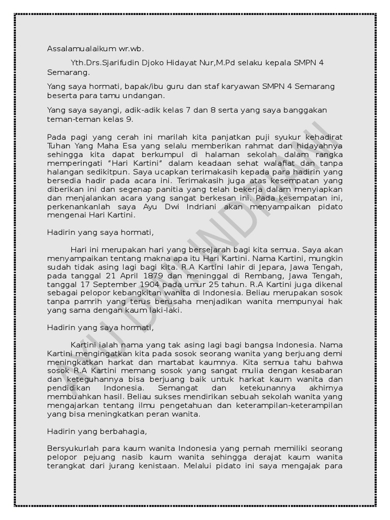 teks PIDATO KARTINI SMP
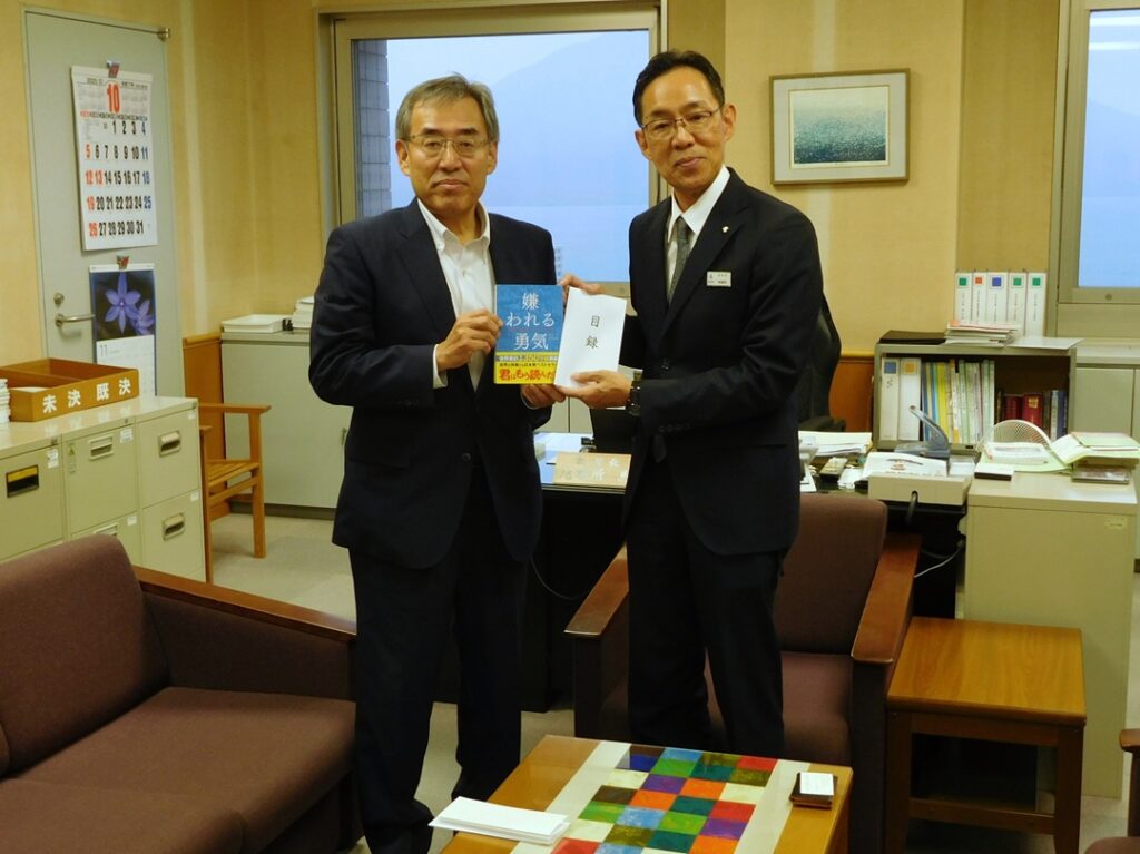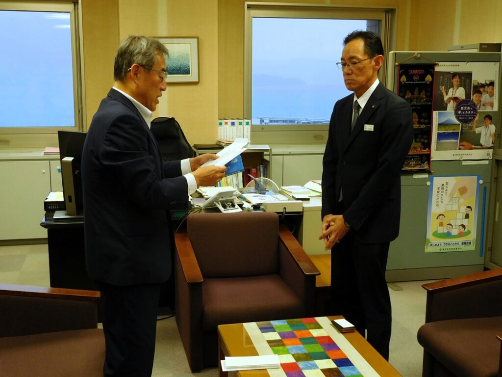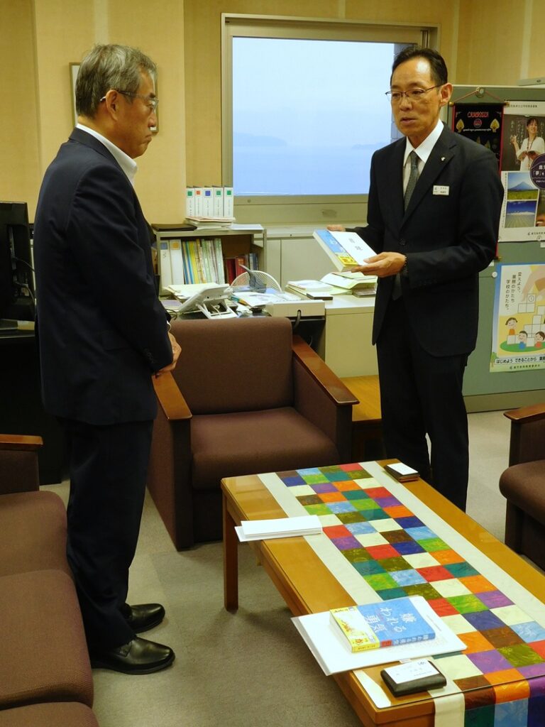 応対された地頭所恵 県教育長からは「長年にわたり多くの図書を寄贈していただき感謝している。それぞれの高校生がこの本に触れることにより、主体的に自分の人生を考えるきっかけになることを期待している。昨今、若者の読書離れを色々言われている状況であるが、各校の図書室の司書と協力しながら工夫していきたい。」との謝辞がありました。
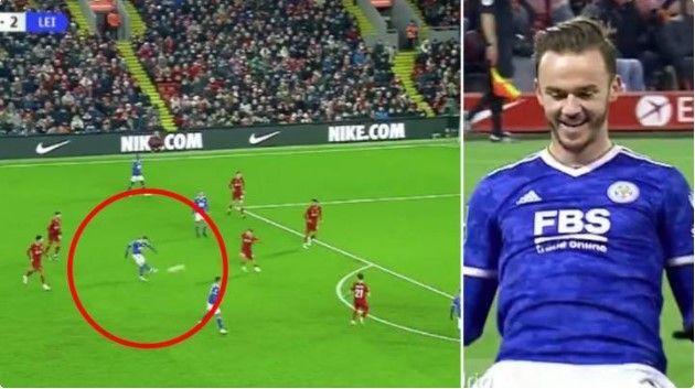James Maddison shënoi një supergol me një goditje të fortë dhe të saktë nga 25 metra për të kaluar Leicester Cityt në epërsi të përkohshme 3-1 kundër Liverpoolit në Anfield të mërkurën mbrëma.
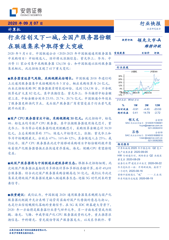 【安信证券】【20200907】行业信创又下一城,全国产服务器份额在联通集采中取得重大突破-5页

PROBLEM >> What you return should be the whole listing, word for word, without its pictures.

ANSWER SPACE >>
 teks PIDATO KARTINI SMP
 応対された地頭所恵 県教育長からは「長年にわたり多くの図書を寄贈していただき感謝している。それぞれの高校生がこの本に触れることにより、主体的に自分の人生を考えるきっかけになることを期待している。昨今、若者の読書離れを色々言われている状況であるが、各校の図書室の司書と協力しながら工夫していきたい。」との謝辞がありました。
James Maddison shënoi një supergol me një goditje të fortë dhe të saktë nga 25 metra për të kaluar Leicester Cityt në epërsi të përkohshme 3-1 kundër Liverpoolit në Anfield të mërkurën mbrëma.
 【安信证券】【20200907】行业信创又下一城,全国产服务器份额在联通集采中取得重大突破-5页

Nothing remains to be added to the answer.